Since most of the times the interest is devoted in understanding the behaviour of returns considered simultaneously rather than individually, we test also the normality of the ten-dimensional random vector $X=(X_{AMZN}, X_{AIG},\ldots,X_{WFC})$ . The test chosen to assess multivariate joint normality is the Mardia test which compares multivariate measures of skewness and kurtosis on the basis of the Mahalanobis distance. The results in the Table and Figure below suggest strong evidence against the non-normality hypothesis.

Table: Mardia test for Multivariate Normality.
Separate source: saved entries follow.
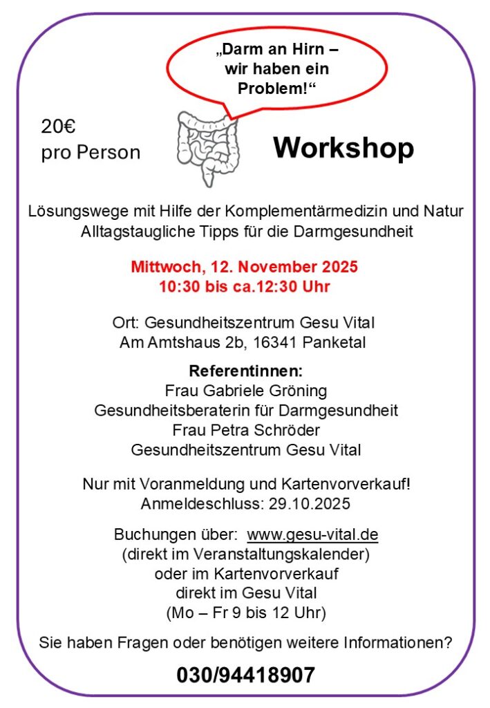 « Alle Veranstaltungen Workshop: Darmgesundheit 12. November ab 10:30 Uhr bis 12:30 Uhr Mit Anmeldeformular! « Gesundheitsvortrag: Durchblutungsstörungen Workshop: Klangreise » Anmeldeformular: Ihre Angaben:* FrauHerr Anmeldung für Veranstaltung:* Workshop: Darmgesundheit (12.11.2025; 10:30Uhr) Anzahl der Teilnehmer:* Ihre Nachricht: Bitte beweise, dass du kein Spambot bist und wähle das Symbol Schlüssel. Zum Kalender hinzufügen Google Kalender iCalendar Outlook 365 Outlook Live Details Datum: 12. November Zeit: 10:30 Uhr bis 12:30 Uhr Eintritt: Mit Anmeldeformular! Veranstaltungsort Gesu Vital Am Amtshaus 2b Panketal, 16341 Google Karte anzeigen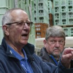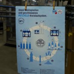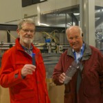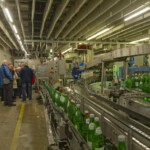 Anschließend ging es weiter in die Produktionshalle, in der alle Teilnehmer staunend zuerst die Herstellung der PET-Flaschen beobachten können, die in rasanter Geschwindigkeit aus einem angelieferten Vorformling nach der Erwärmung zur endgültigen Größe aufgeblasen werden (Blasformverfahren), um anschließend über Hängeschienen zur Abfüllanlage weiter gefördert zu werden, wo wir den weiteren Prozessablauf beobachten durften. Auch hier läuft alles vollautomatisiert, wobei neben den PET-Flaschen auf separaten Bändern auch Glasflaschen nach dem Reinigen befüllt, verschlossen und etikettiert werden.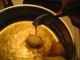 Tips: If oil temperature is too low, they fry too long, absorb a lot of oil, and become hard. If too hot, they fry too quickly, taste raw, and burn. They won’t be perfectly round. Less water in the batter helps control the shape better, but a wetter batter makes them less doughy, light and crisp.

Test	Statistic	p value	Result
Mardia Skewness	28.530,781	0	NO
Mardia Kurtosis	462,258	0	NO

In this section, we have become aware that risk models based on the normal distribution are not satisfactory since they might underestimate the risk of suffering large losses. Embrechts, McNeil, and Frey (2015) summarizes the following pitfalls:

The tails of its univariate marginal distributions are too thin; they do not assign enough weight to extreme events.
The joint tails of the distribution do not assign enough weight to joint extreme outcomes.
The distribution has a strong form of symmetry, known as elliptical asymmetry.

Copulas

In this section, I begin with considering pair-wise returns of stocks belonging to the financial sector, in order to investigate their dependence structure. The Figure below represent the empirical marginal distribution, as well as pairs of scatterplots between returns. In addition, the upper off-diagonal quadrants provides a measure of linear correlation between stocks. We can see that there exists a decent amount of linear correlation between pairs stocks. However, we know that this measure is reliable only when the underlying data generating mechanism is ascribable to an elliptical distribution such as the multivariate Normal. For this reason, we assess visually if the data presents the features of elliptical distributions. Instead, we spot within our data: (1) the presence of deviations from ellipsoids of constant density; (2) some long tails, especially between GS and MS; (3) potential presence of non linear behaviours; (4) high kurtosis of the marginals. These feelings are confirmed by the Mardia test on all the combinations of financials stocks which confirms that bivariate distributions between stocks are not Normal.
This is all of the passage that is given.